> **DATASET EXTRACT**:

----------------------------------------

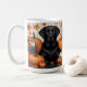 Black Labrador With Pumpkins And Autumn Leaves Coffee Mug
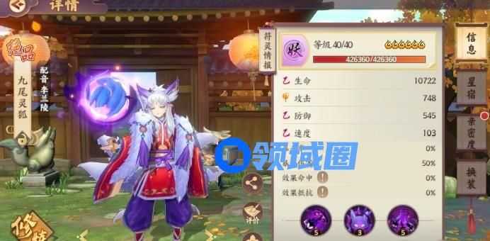九尾出击:随机攻击敌方9次,每次造成九尾灵狐攻击60%(+6%)的普通伤害,并以40%(+10%)的概率使其受到持续1回合的持续伤害效果,使用后立即获得回合。冷却时间3回合。
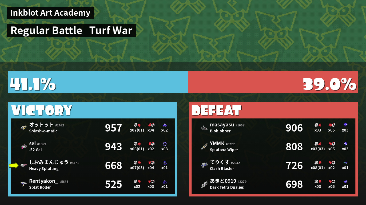 | Medals | #1 Overall Splatter #1 Splat Assister #1 Base Defender | ||||

----------------------------------------

> **WORK REQUEST**:
What you return should match the material line for line, with the images removed.

> **EXERCISE RESPONSE**:
 Black Labrador With Pumpkins And Autumn Leaves Coffee Mug
九尾出击:随机攻击敌方9次,每次造成九尾灵狐攻击60%(+6%)的普通伤害,并以40%(+10%)的概率使其受到持续1回合的持续伤害效果,使用后立即获得回合。冷却时间3回合。
 | Medals | #1 Overall Splatter #1 Splat Assister #1 Base Defender | ||||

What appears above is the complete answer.